Звуки песни ширились и росли, к ней приставали все новые и новые голоса, а трепетное пламя мерцало, вспыхивая красноватым отблеском, как бы закаляя оружие на борьбу и на смерть…

Когда жженка была готова, зажгли снова свечи и разлили по стаканам горячий напиток. Наступал 1880 год… Что сулил он собравшимся, что сулил он России?..

Когда пробило 12 часов, стали чокаться: кто жал соседу руку, кто обменивался товарищеским поцелуем; все пили за свободу, за родину, все желали, чтобы эта чаша была последней чашей неволи…

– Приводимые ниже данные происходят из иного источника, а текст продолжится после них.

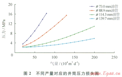 儲(chǔ)氣庫(kù)注采井產(chǎn)能高,油管對(duì)產(chǎn)量敏感。以無(wú)阻流量200×104m3/d的氣井為例,Æ114.3mm及以下尺寸的油管,隨著氣量的增加,井筒壓力損失增加明顯(圖2)。
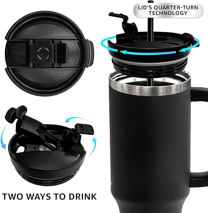 - 💌 TEMPERATURE RETENTION & EXCELLENT LEAKPROOF: Our 40oz tumbler features the vacuum insulation tech that keeps beverage cold for up to 12 hours and hot for up to 6 hours. Therefore, you can enjoy your favorite drinks anytime and anywhere. BPA-free lid with quarter-turn technology, 100% airtight. So, it won't leak even when shaken or accidentally poured.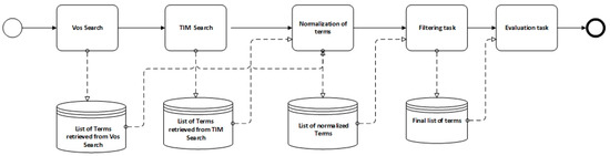 The filtering procedure relied on a semantic dictionary. The construction of this dictionary started with the definition of an initial set of 102 keywords/terms obtained through a preliminary bibliographical review, considering the authors’ knowledge in the area. Subsequently, a semi-automatic approach [36], depicted in Figure 3, was employed to augment and refine the semantic dictionary. This comprehensive process improved the dictionary’s accuracy and completeness, enhancing confidence in the overall filtering procedure.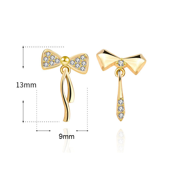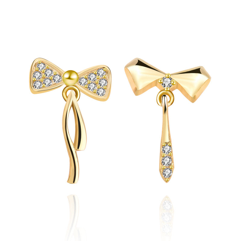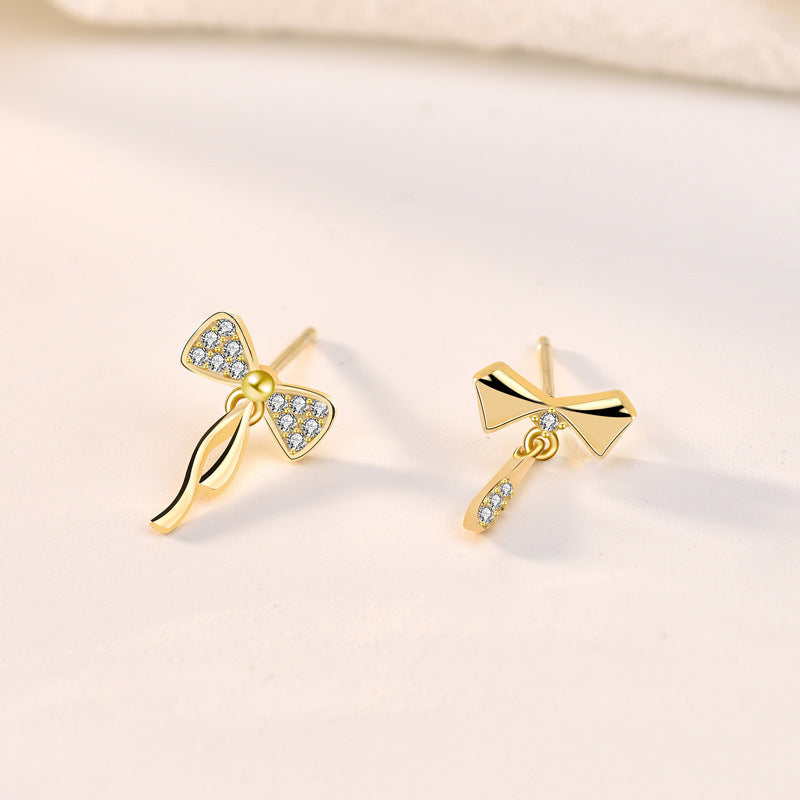 Sweet Asymmetry CZ Bowknot 925 Sterling Silver Dangling Earrings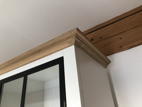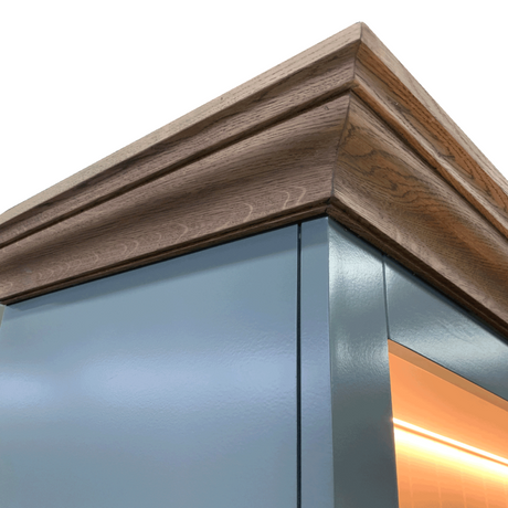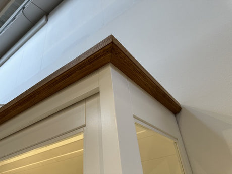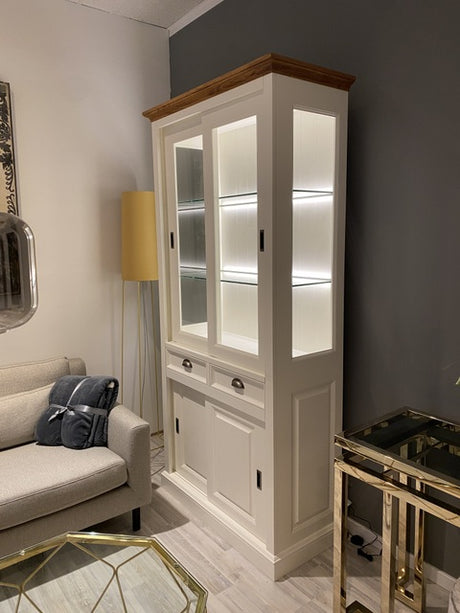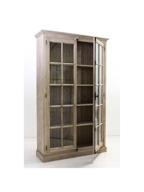 Vitrine Massivholz, Geschirrschrank Landhaus, Bücherschrank Massivholz in vier Farben, Breite 136 cm

Кто-то предложил попробовать спиритическое гаданье: в одну минуту со смехом и шутками изготовили большой лист бумаги с четкими буквами, перевернули на него блюдечко и сели за стол. Первым был вызван дух императора Николая I, его спросили, какой смертью умрет его сын, Александр II. Блюдечко долго неопределенно блуждало и наконец получился странный ответ – от отравы… Этот ответ расхолодил всех, он показался лишенным всякого вероятия, так как некоторые из присутствующих знали, что готовится дворцовый взрыв, а всем вообще было известно, что яд не был тем оружием, которое употребляла бы организация Исполнительного Комитета «Народной Воли». Этот неудачный ответ расхолодил настроение, гаданье бросили. Кто-то запел опять какую-то малороссийскую песню, другие пробовали напевать революционную молитву польскую, еще кто-то – положенные на музыку стихи: «Я видел рабскую Россию перед святыней алтаря: гремя цепьми, склонивши выю, она молилась за царя»… и, наконец, все вместе – французскую Марсельезу. Пели негромко, с осторожностью, несмотря на общепринятый обычай на Руси весело и шумно встречать Новый год.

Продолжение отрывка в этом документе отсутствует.